* **Information provided**:
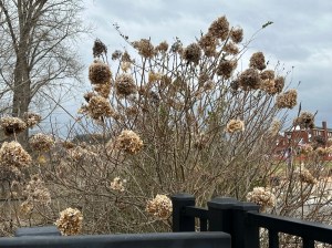 Winter Hydrangea paniculata located at the entrance to Goat Island Park and Greenway.
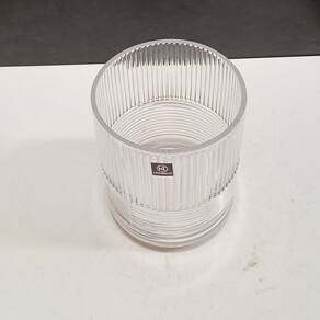 VASO Altura: 15,9 cm Largura: 12,6 cm Profundidade: 12,6 cm Espessura: ,4 cm Peso: 0,65 Kg Diâmetro da Base: 12,6 cm Material: Vidro Cor: Transparente
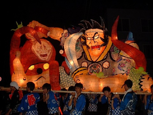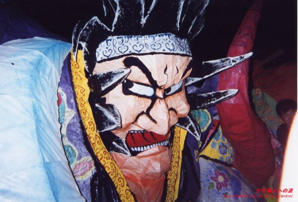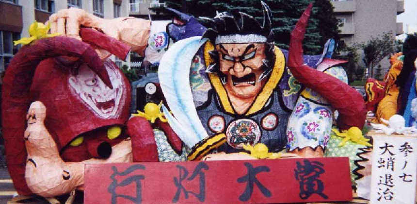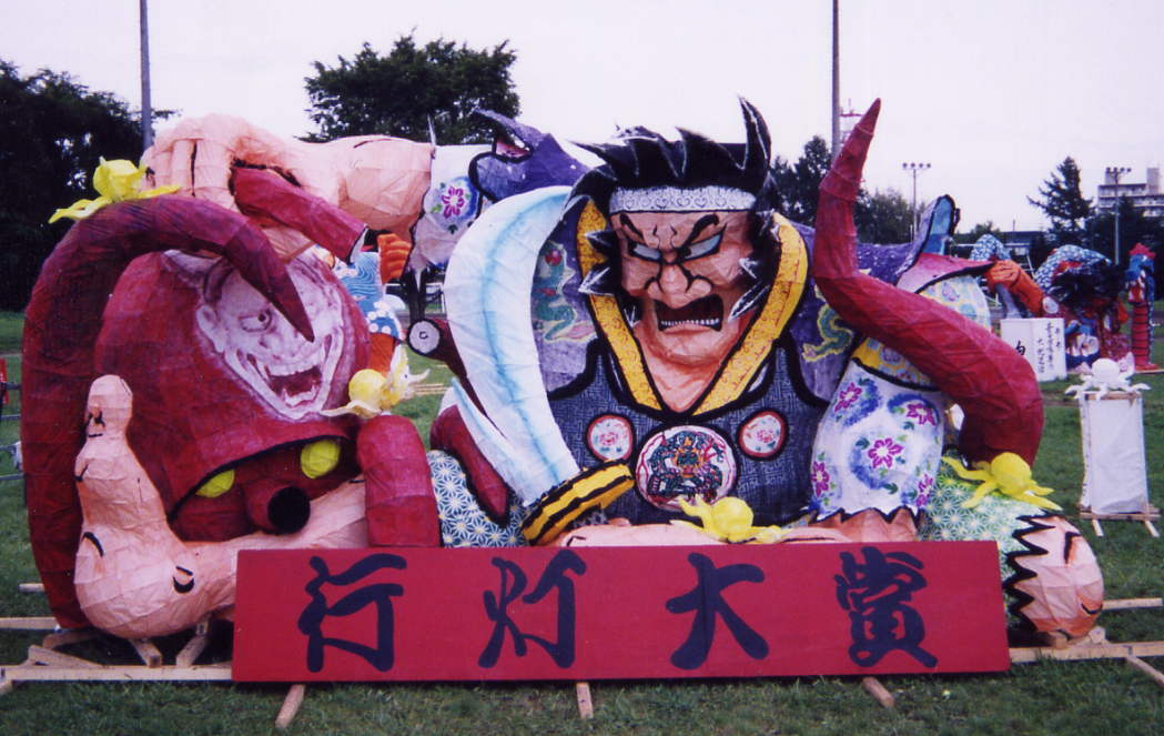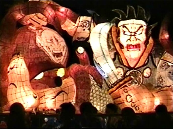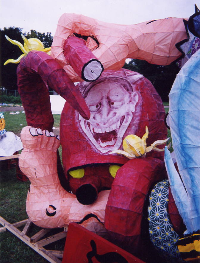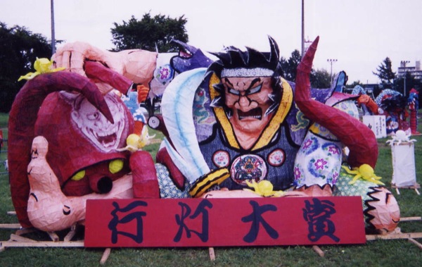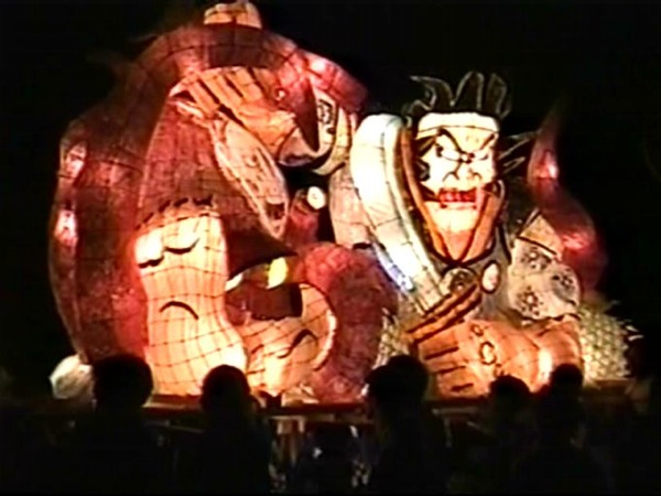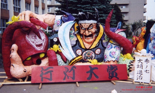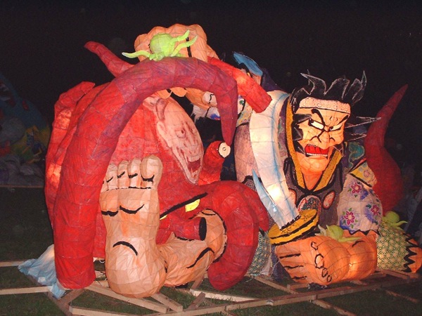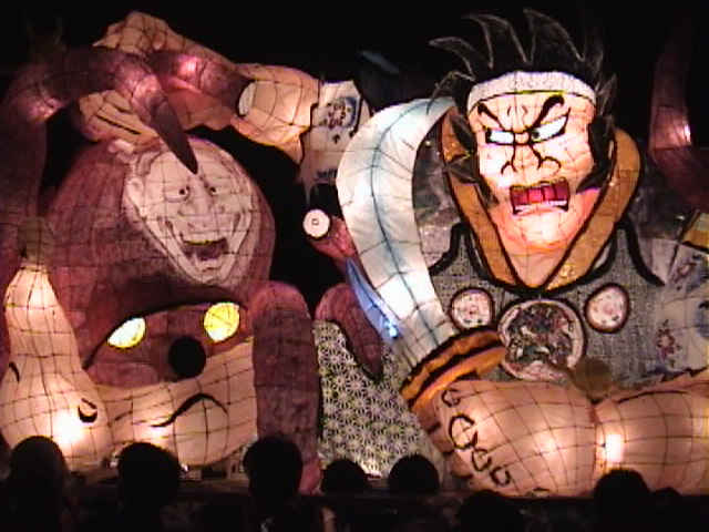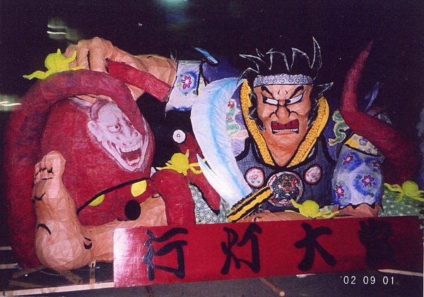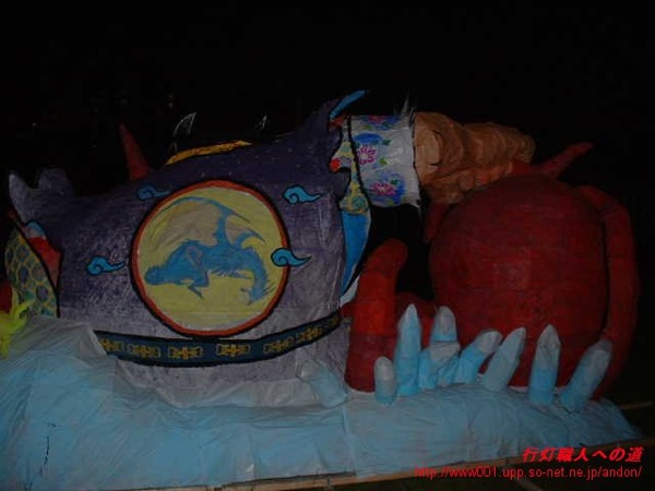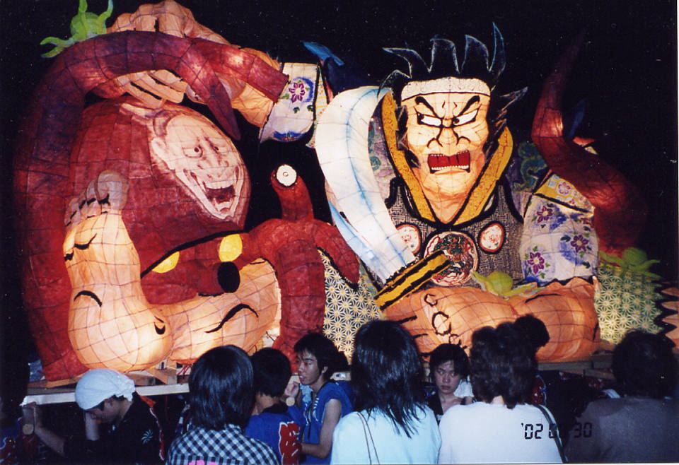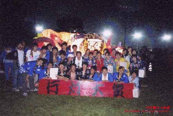 - 勝因は大きく分けて4つある。①H君の電飾、②I君の作った顔、③Nさんの描いた般若、④強烈な『タコ』…本当にこれらがなければ絶対に大賞なんか無理だったと思う。『タコ』と言うと、ユーモア賞を取るリスクが高そうだったり、下手したらウケ狙いの行灯になり兼ねない題材だが、ダイナミックな針金とタコの般若により、少し怖いくらいリアルで迫力のある作品に仕上がっている。ちなみに子蛸は51stの鬼蜘蛛のDNAを受け継いだもの。あと女子の人数分の燈籠も作った。浴衣を着た女子がこれを持って歩くと華やかで品があり、見物客の皆様(特に女性の方々)に好評だったらしい。構図は、空間の使い方や進行方向や遠近法を考えていて非常に趣向を凝らしたものになっている。電飾はバッテリー12個と数は平均的だが、新品でパワフルだったのと、あと電飾職人H君の卓越した電飾技術により、全体的にまんべんなく明るくなっている。配色は原色などの濃い色は使用していなく、肌色は美白系であるため、光がかなり透けやすく、その効果が抜群に現れている。しかし、配色の美しさ・柄の美しさなどの面ではかなり劣っている感が否めない。実はクラスに紙塗り職人の層が薄く、この点で教室では非常に苦労していたらしい。でもその短所を、光ったときの事を考慮した配色や明るい電飾や迫力のある針金などでカバーできたからこそ、行灯大賞を受賞できたのであろう。こんなふざけた題材が大賞を取ってしまったせいかどうかは分からないが、54th行灯行列は行灯史上でも稀に見る、いい意味で奇抜な題材だらけの年となる…(苦笑)。

* **What is required**:
Aside from its pictures, the listing must be given again in full, exactly as it appears.

* **The answer**:
 Winter Hydrangea paniculata located at the entrance to Goat Island Park and Greenway.
 VASO Altura: 15,9 cm Largura: 12,6 cm Profundidade: 12,6 cm Espessura: ,4 cm Peso: 0,65 Kg Diâmetro da Base: 12,6 cm Material: Vidro Cor: Transparente
 - 勝因は大きく分けて4つある。①H君の電飾、②I君の作った顔、③Nさんの描いた般若、④強烈な『タコ』…本当にこれらがなければ絶対に大賞なんか無理だったと思う。『タコ』と言うと、ユーモア賞を取るリスクが高そうだったり、下手したらウケ狙いの行灯になり兼ねない題材だが、ダイナミックな針金とタコの般若により、少し怖いくらいリアルで迫力のある作品に仕上がっている。ちなみに子蛸は51stの鬼蜘蛛のDNAを受け継いだもの。あと女子の人数分の燈籠も作った。浴衣を着た女子がこれを持って歩くと華やかで品があり、見物客の皆様(特に女性の方々)に好評だったらしい。構図は、空間の使い方や進行方向や遠近法を考えていて非常に趣向を凝らしたものになっている。電飾はバッテリー12個と数は平均的だが、新品でパワフルだったのと、あと電飾職人H君の卓越した電飾技術により、全体的にまんべんなく明るくなっている。配色は原色などの濃い色は使用していなく、肌色は美白系であるため、光がかなり透けやすく、その効果が抜群に現れている。しかし、配色の美しさ・柄の美しさなどの面ではかなり劣っている感が否めない。実はクラスに紙塗り職人の層が薄く、この点で教室では非常に苦労していたらしい。でもその短所を、光ったときの事を考慮した配色や明るい電飾や迫力のある針金などでカバーできたからこそ、行灯大賞を受賞できたのであろう。こんなふざけた題材が大賞を取ってしまったせいかどうかは分からないが、54th行灯行列は行灯史上でも稀に見る、いい意味で奇抜な題材だらけの年となる…(苦笑)。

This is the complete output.